>>>
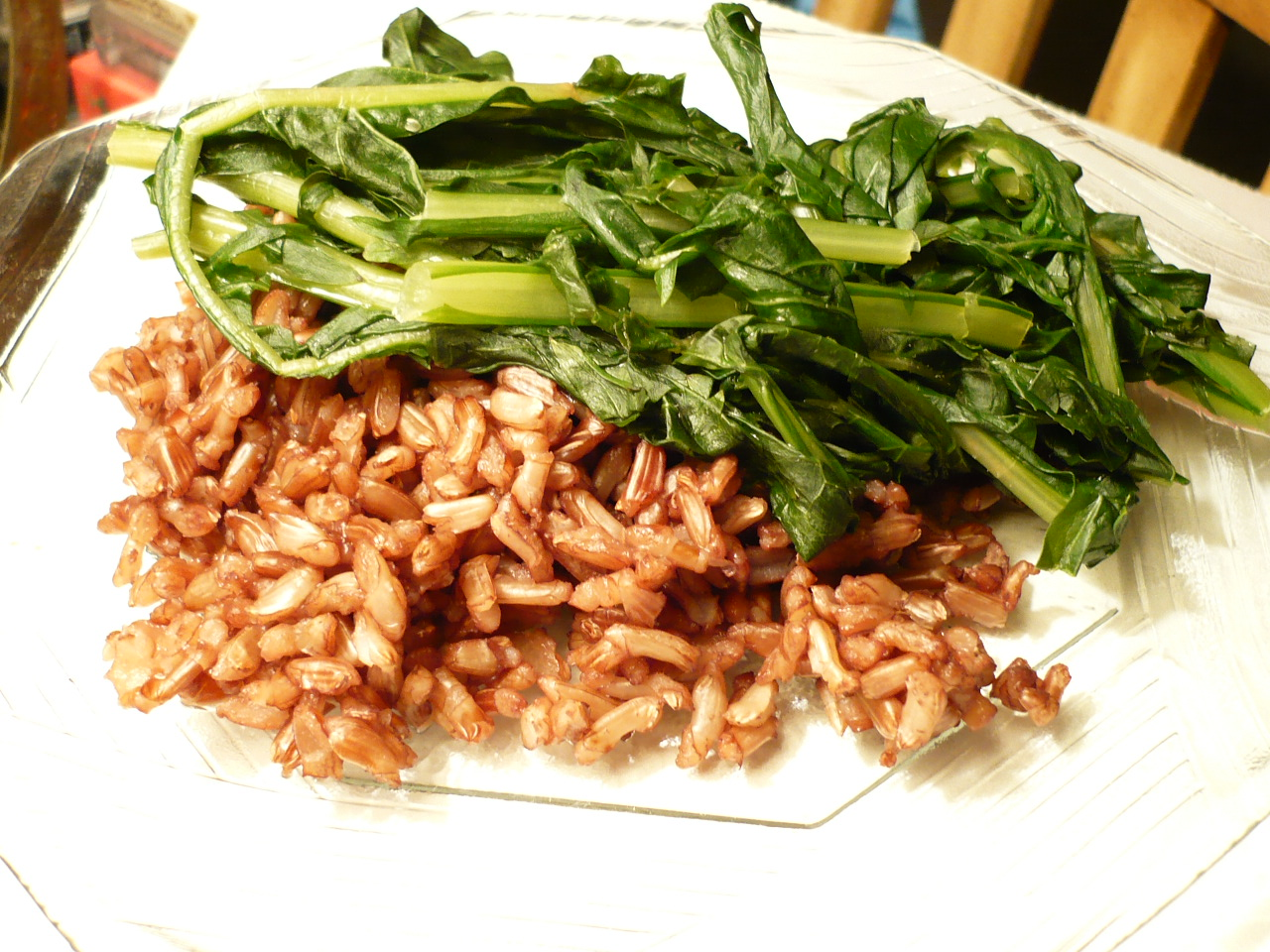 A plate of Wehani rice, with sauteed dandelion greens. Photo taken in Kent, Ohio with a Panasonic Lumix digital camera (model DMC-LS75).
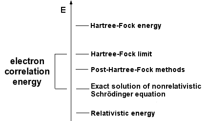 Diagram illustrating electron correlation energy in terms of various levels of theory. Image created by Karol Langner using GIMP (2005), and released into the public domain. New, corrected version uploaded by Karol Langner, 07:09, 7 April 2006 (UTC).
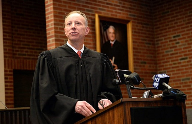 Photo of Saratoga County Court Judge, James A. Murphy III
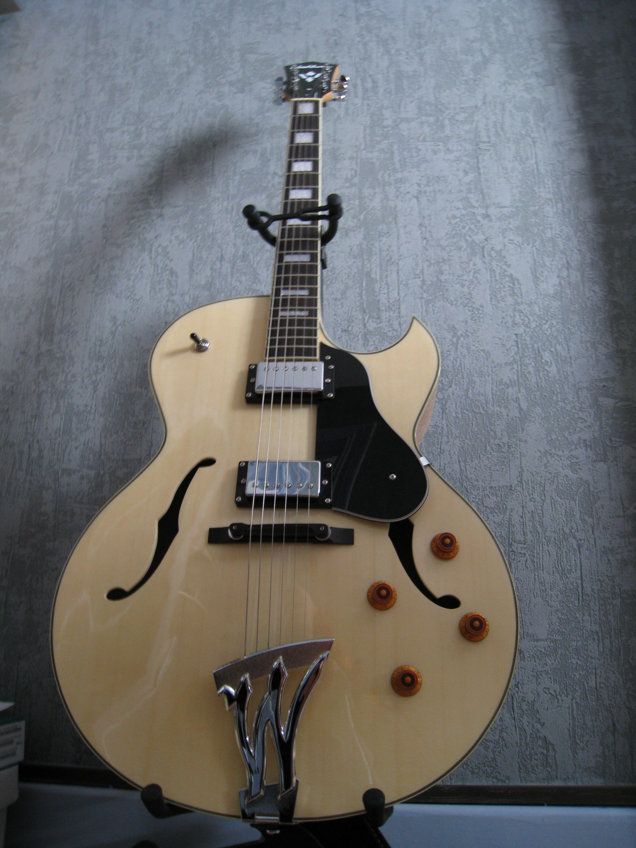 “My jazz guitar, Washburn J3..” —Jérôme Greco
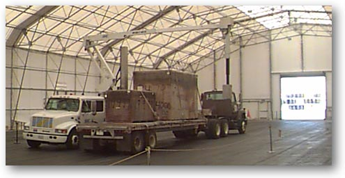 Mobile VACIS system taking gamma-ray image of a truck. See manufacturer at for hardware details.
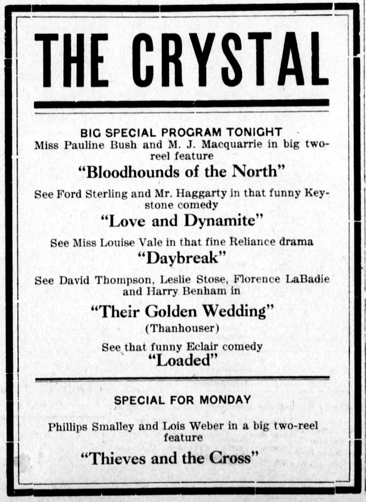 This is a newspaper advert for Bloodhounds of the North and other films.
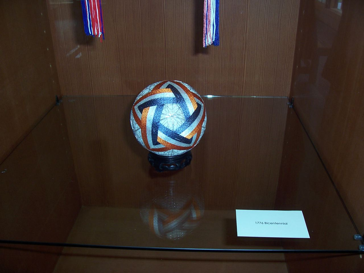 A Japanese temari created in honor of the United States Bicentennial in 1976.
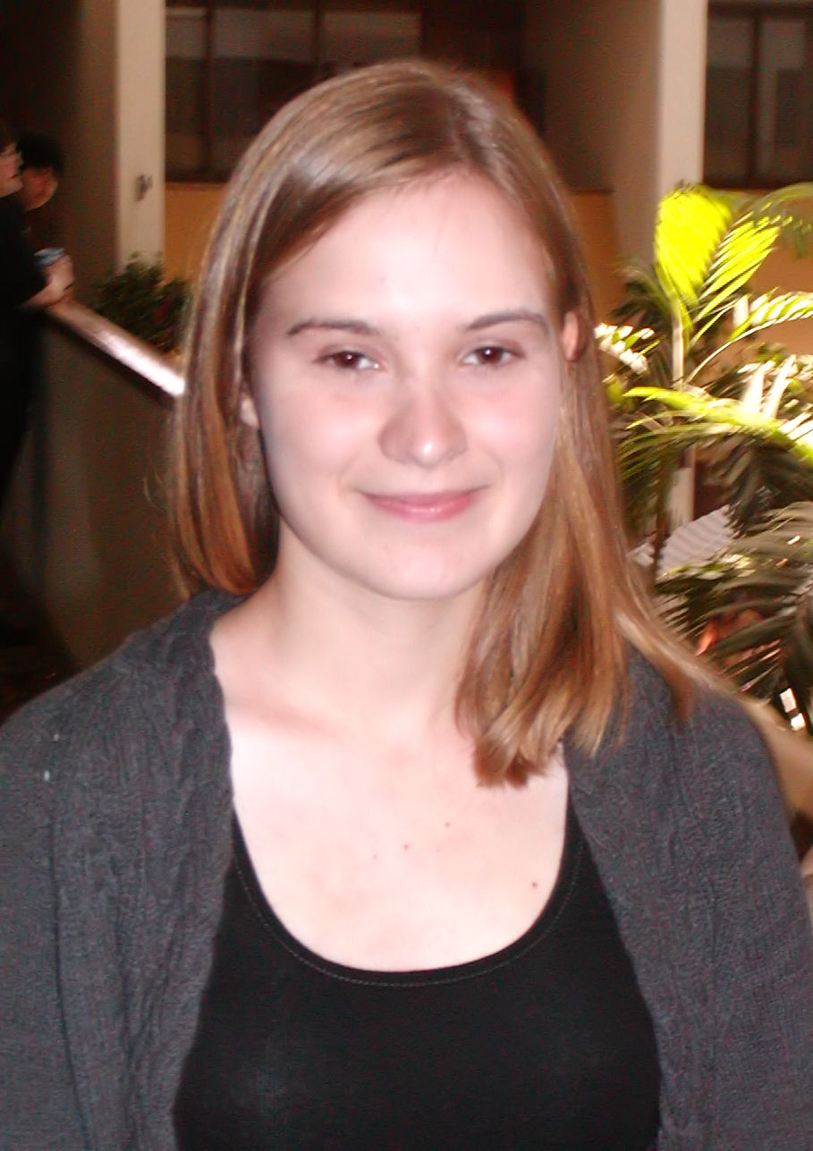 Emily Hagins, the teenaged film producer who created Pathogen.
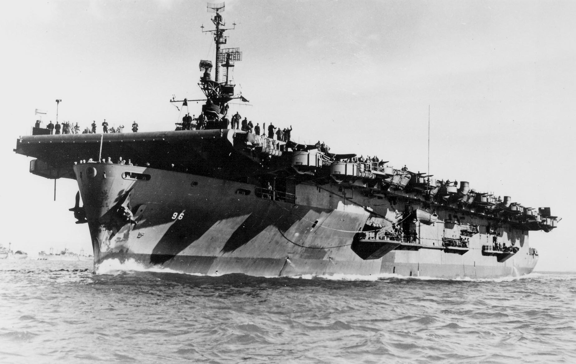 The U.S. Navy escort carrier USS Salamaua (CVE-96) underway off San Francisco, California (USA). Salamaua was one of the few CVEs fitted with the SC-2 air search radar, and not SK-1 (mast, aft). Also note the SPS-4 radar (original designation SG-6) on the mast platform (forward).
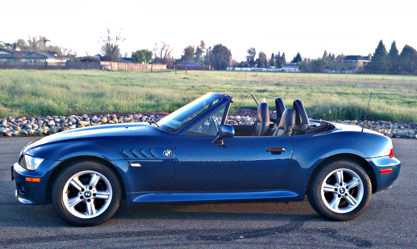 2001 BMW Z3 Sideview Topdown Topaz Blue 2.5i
<<<
>>>
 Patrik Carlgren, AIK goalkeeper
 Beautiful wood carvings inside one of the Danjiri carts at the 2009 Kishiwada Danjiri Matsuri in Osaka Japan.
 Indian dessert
<<<
>>>
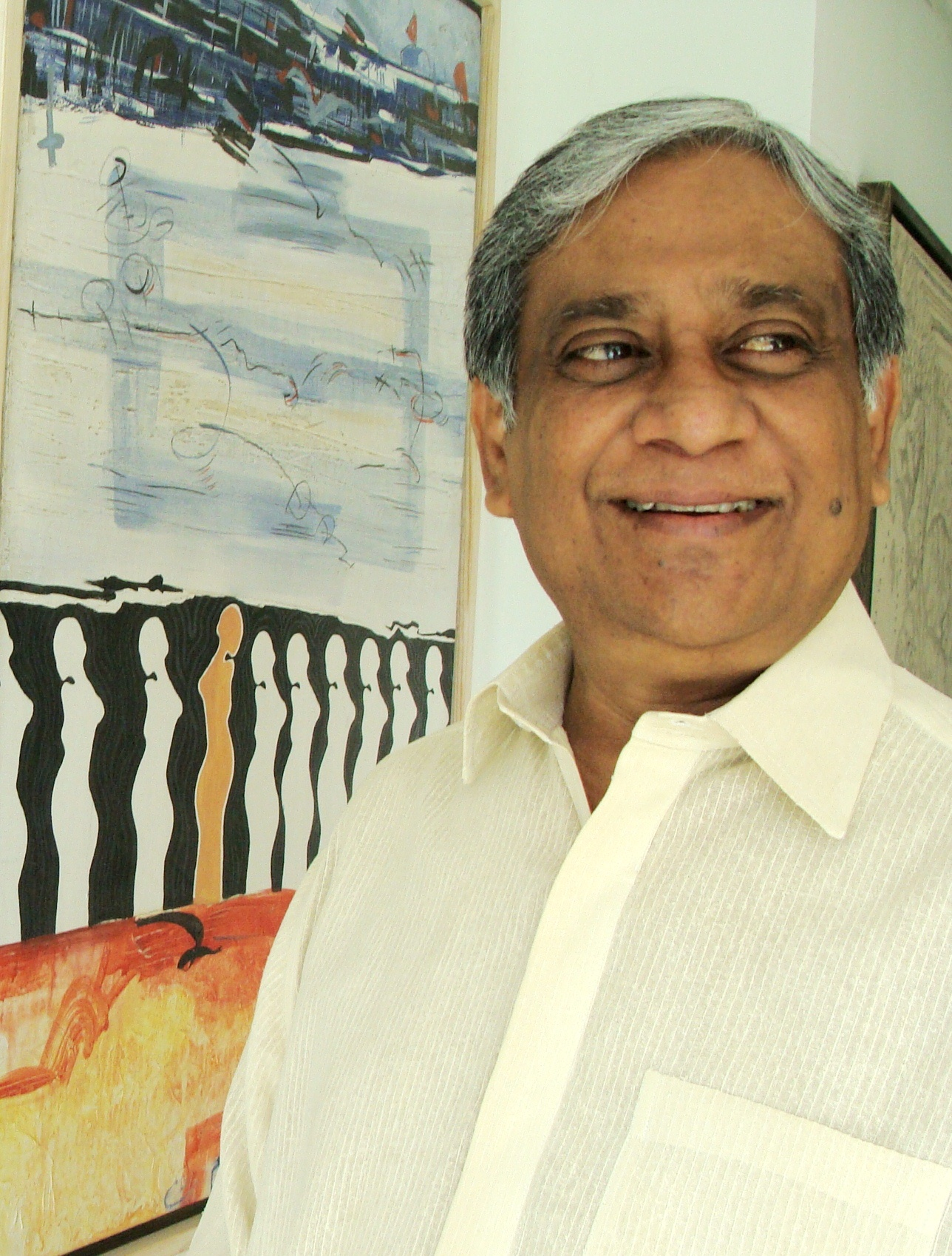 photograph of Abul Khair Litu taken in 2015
<<<
## TASK STATEMENT
Reproduce, word for word, everything in the listing above from the line containing "Photo of Saratoga" down to the line containing "Emily Hagins, the", both of them included. No pictures.

## SOLUTION TO THE PROBLEM
 Photo of Saratoga County Court Judge, James A. Murphy III
 “My jazz guitar, Washburn J3..” —Jérôme Greco
 Mobile VACIS system taking gamma-ray image of a truck. See manufacturer at for hardware details.
 This is a newspaper advert for Bloodhounds of the North and other films.
 A Japanese temari created in honor of the United States Bicentennial in 1976.
 Emily Hagins, the teenaged film producer who created Pathogen.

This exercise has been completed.